Written by Dr. Thomas N. Told

“The rule of the artery is supreme”, is a widely quoted axiom attributed to Andrew Taylor Still MD, DO the founder of Osteopathic Medicine as he explained one of four key tenants of our uniquely American profession.   Though Dr. Still never wrote or uttered those exact words he did say;” the rule of the artery is absolute, universal, and must not be obstructed.”  In my nearly a half century of practicing medicine including half those years in medical education, I have come to respect the devastating effects of arterial occlusion whether it be in the heart, brain, lungs, gut, or peripheral vascular system resulting from disease or human causes.  In practice we watched diligently the constrictive tourniquet inflation times in surgery making sure they did not pass a certain threshold, or monitored closely circulation after application of casts and splints which could obstruct circulation causing devastating nerve injury and contractures.  In the ER we rushed to medically open occluded vessels in the brain and heart to curb the devastating effects of extended thrombotic occlusion times.  The after effects of uncontrolled disease-caused occlusions are generally accepted and excused as expected complications, but ill effects from occlusion with a tourniquet have not been well received by the medical profession or public, so few tourniquets were ever applied until recently when evidence from battle wounds proved their application safe and effective. Conventional wisdom for physicians and first responders in the last century was to only apply a total occlusive vascular tourniquet when the chance of death from exsanguination was eminent, and preserving life was more important than the continued viability of the injured limb. 
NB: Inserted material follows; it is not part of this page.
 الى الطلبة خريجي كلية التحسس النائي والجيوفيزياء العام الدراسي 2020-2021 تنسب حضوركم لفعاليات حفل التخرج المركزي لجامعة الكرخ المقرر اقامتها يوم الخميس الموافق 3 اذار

 Dr. Dennis Kinder, who would join us on the Parker campus to become RVU’s Director of the Medical Clinic including IM Residency faculty, would ask me to join him as we faced that very decision years before while covering our Northwest Colorado emergency room.   Dr. Kinder recounted our experience recently while visiting Dean David Park at the Montana College of Osteopathic Medicine in Billings, Montana.  Dr. Park was so impressed by the story we felt it valuable enough to share with all of you on the RVU Blog.  

    Here in bold italicized print is Dr. Kinder’s recollection of the event as he related it to Dr. Park, and I will follow with my comments and recollections including interesting background information surrounding that event given all participants involved were patients of ours at Craig Medical Center.
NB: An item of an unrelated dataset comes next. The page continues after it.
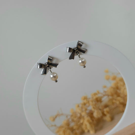 Silver bow and pearl earrings

Dr. Dennis Kinder’s Recollections:                                                              

I was fresh out of residency training in internal medicine and was working a weekend shift in the emergency room in rural northwest Colorado.   The weekend shift started Friday at 6 pm and ended Monday at 6 am.  Our general surgeon was out of town and this always made me feel a bit apprehensive.  My trauma training was mostly in medical school, and I was ATLS certified. 
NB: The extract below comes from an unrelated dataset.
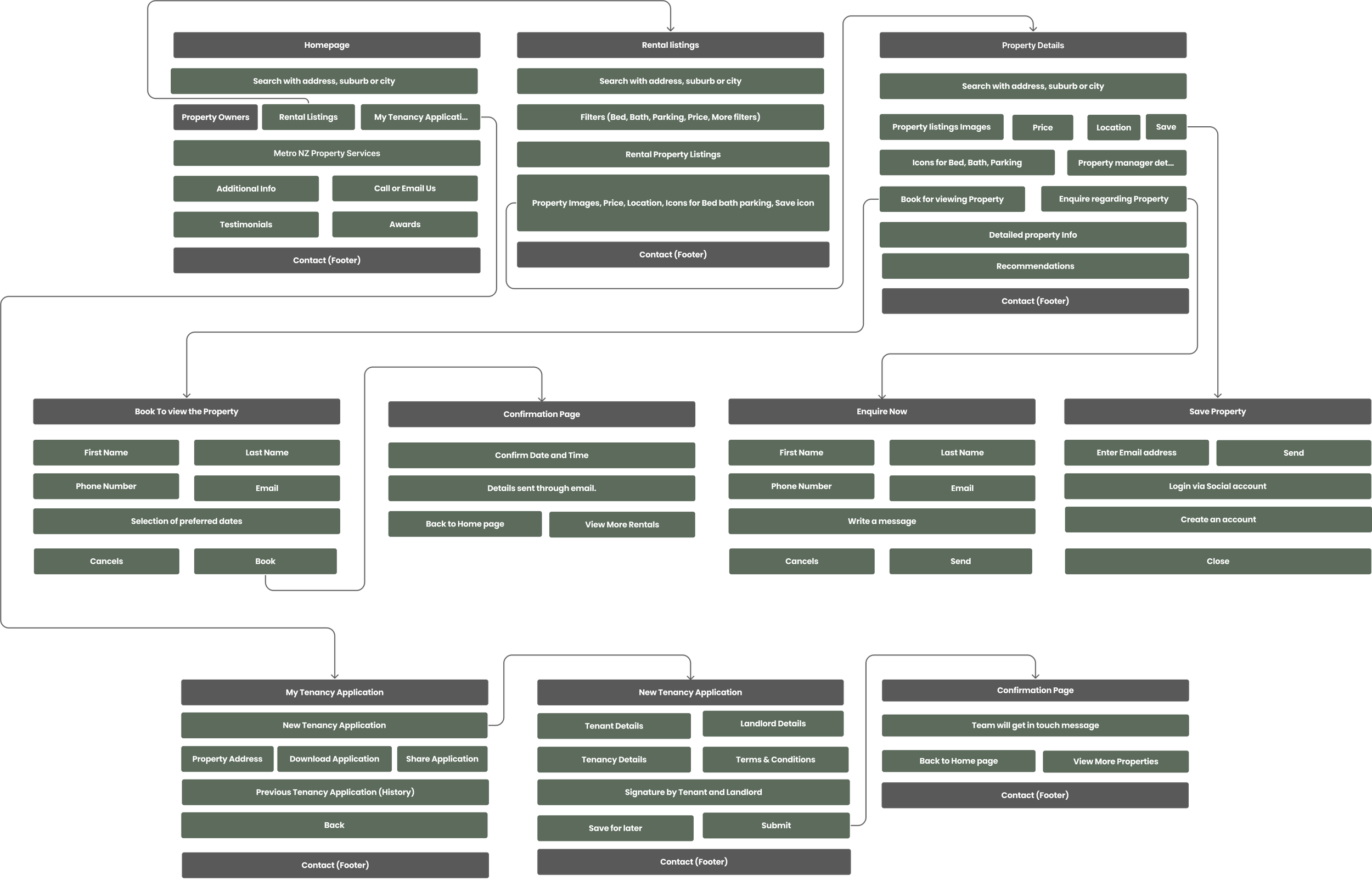 In our effort to redesign the Metro NZ Property page, we developed a suggested information structure to provide collective direction. This structure was created by considering insights gathered from competitor analyses of other rental property websites and by referencing the original user flow.

The work over this weekend had been routine.  I saw kids with otitis media, adults with urinary tract infections and assorted minor lacerations.  That morning the ambulance was called out for multiple gunshot victims.   This shouldn’t be happening in our small town.  I hadn’t taken care of someone with a gunshot wound since medical school and at that time it was a whole trauma team consisting of multiple surgeons, residents, medical students, and nurses.   I knew I was going to need help, especially since our surgeon was out of town.  I was on call for our practice, but Dr. Told was always available 24 hours a day, 7 days a week, and 365 days a year.   I was hoping he was close by. 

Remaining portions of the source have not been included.